- [EXERCISE]: In the records below, find the line with "Commissioned pieces for" and repeat exactly every line from it through the line with "Six large corrugated". Pictures stay out.

- [RECORDS FOR THE TASK]:
= = =
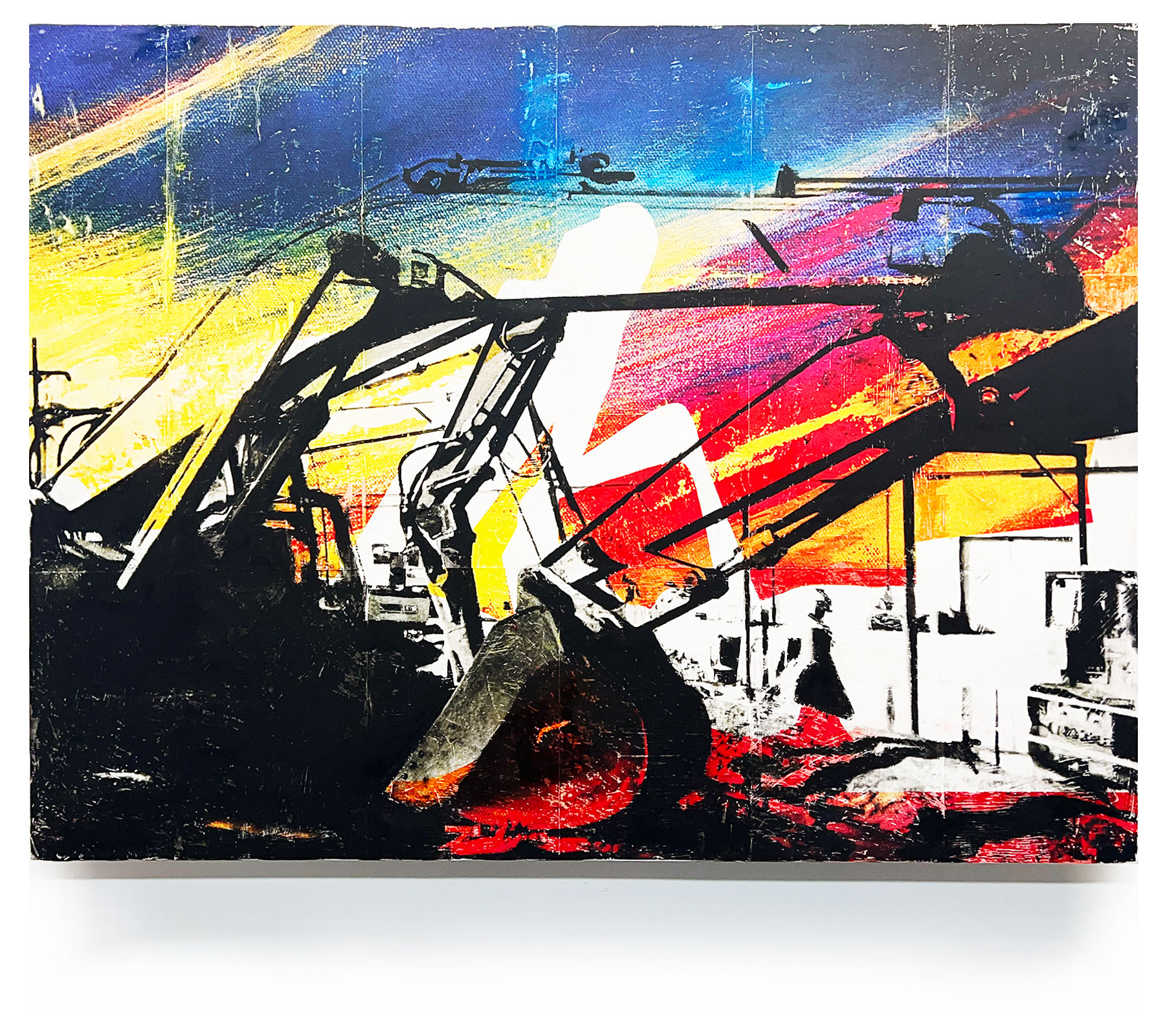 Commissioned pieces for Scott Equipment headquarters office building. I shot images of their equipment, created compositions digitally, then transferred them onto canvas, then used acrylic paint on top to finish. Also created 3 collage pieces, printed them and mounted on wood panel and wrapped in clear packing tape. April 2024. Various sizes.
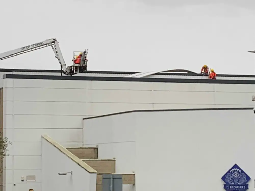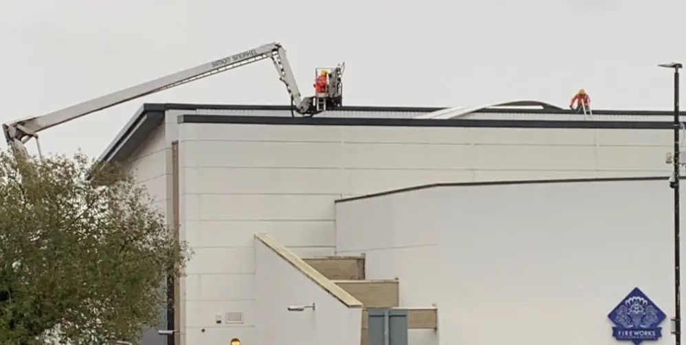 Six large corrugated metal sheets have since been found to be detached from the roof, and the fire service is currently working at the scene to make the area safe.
= = =
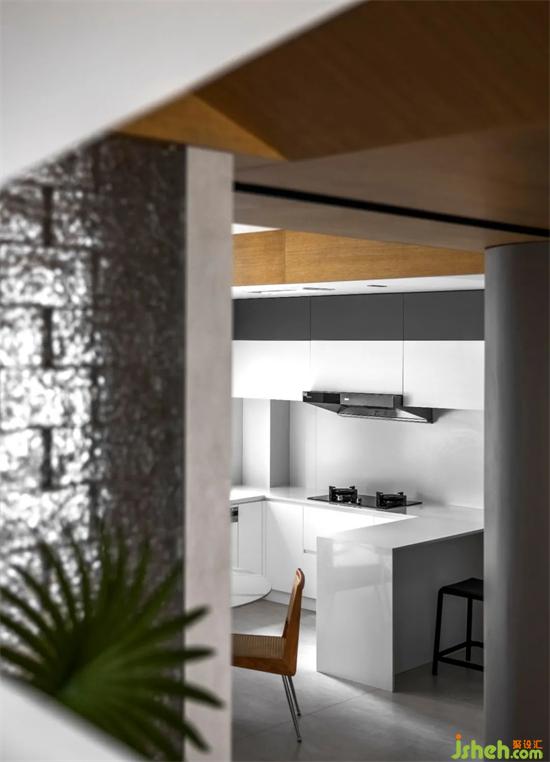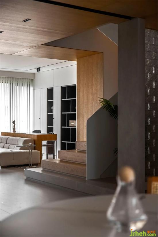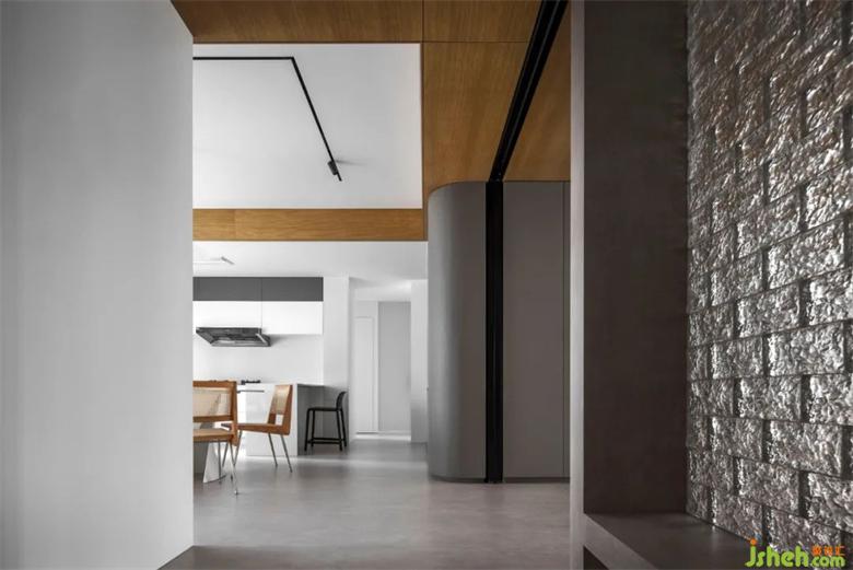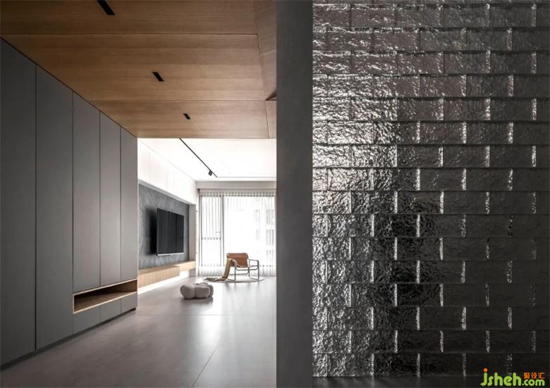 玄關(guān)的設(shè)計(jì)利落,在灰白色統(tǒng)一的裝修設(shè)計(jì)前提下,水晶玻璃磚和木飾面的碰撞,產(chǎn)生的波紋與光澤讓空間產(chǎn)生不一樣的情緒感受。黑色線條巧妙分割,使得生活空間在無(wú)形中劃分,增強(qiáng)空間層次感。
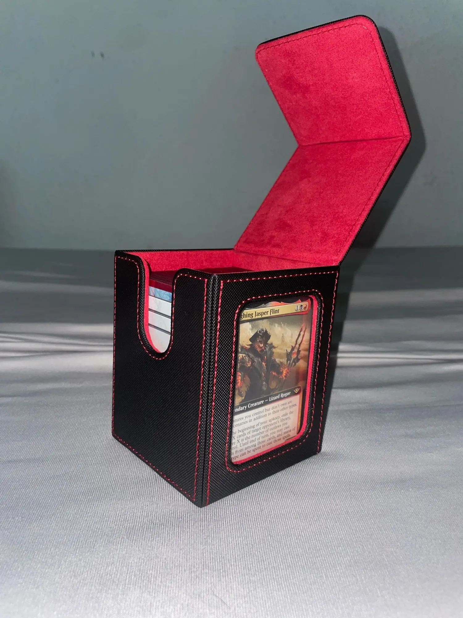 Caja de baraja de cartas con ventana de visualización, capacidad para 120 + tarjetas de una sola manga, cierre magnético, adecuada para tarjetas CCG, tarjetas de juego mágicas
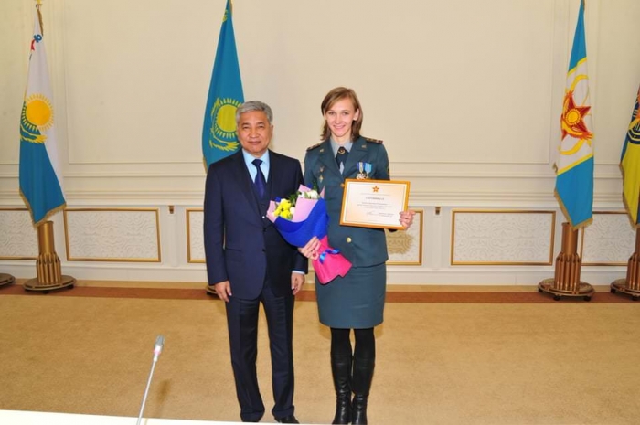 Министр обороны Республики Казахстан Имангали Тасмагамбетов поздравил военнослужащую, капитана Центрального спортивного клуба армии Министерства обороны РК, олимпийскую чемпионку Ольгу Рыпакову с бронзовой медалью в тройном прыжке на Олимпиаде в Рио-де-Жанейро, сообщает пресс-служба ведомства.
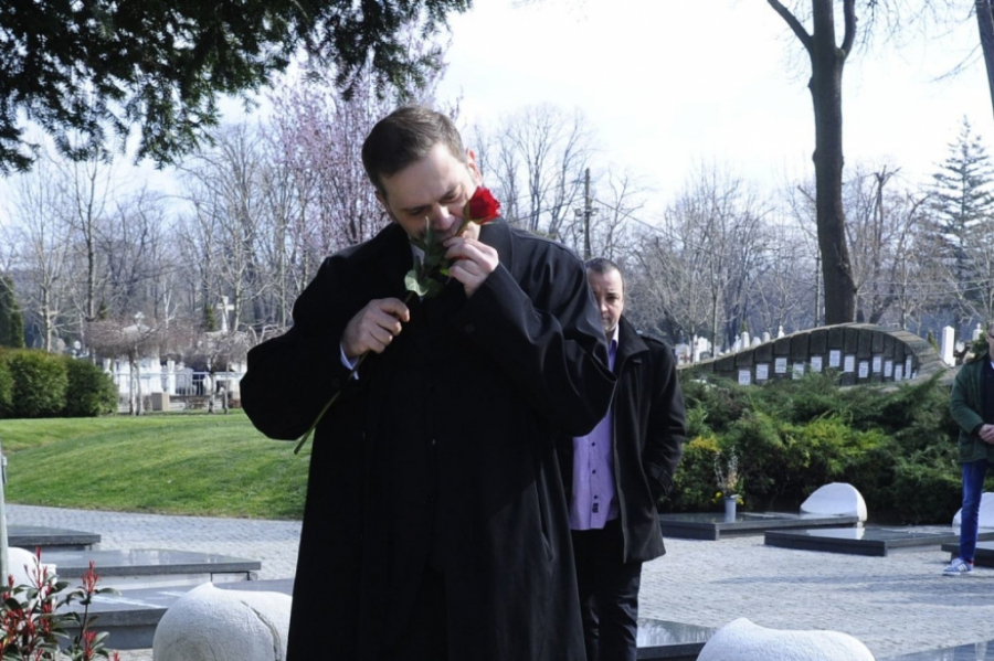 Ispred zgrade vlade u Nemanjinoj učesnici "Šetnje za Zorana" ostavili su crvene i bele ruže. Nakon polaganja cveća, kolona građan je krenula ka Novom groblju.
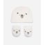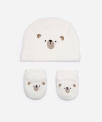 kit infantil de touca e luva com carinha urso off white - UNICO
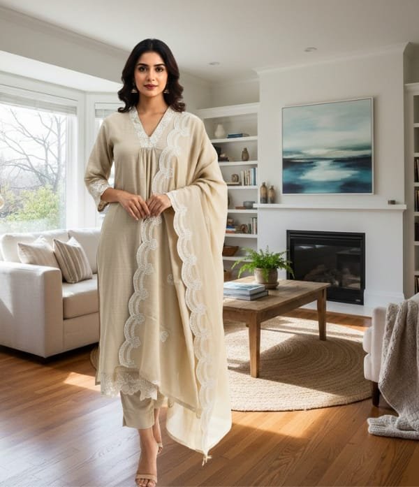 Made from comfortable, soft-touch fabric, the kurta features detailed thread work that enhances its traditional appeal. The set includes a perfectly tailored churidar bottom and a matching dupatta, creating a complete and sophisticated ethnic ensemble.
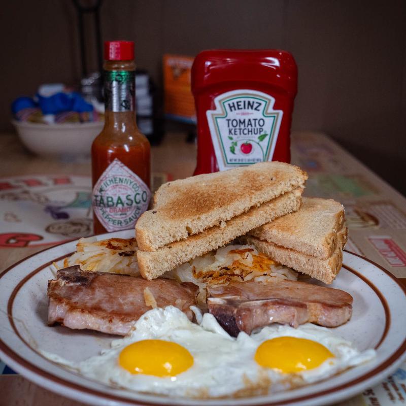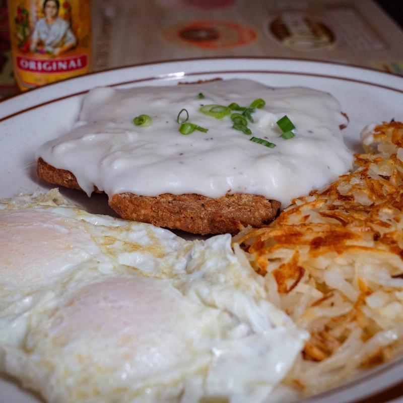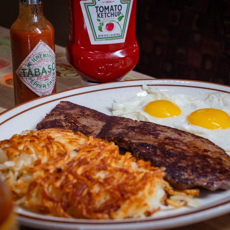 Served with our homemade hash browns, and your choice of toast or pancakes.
= = =
- [RESULT OF THIS EXERCISE]:
 Commissioned pieces for Scott Equipment headquarters office building. I shot images of their equipment, created compositions digitally, then transferred them onto canvas, then used acrylic paint on top to finish. Also created 3 collage pieces, printed them and mounted on wood panel and wrapped in clear packing tape. April 2024. Various sizes.
 Six large corrugated metal sheets have since been found to be detached from the roof, and the fire service is currently working at the scene to make the area safe.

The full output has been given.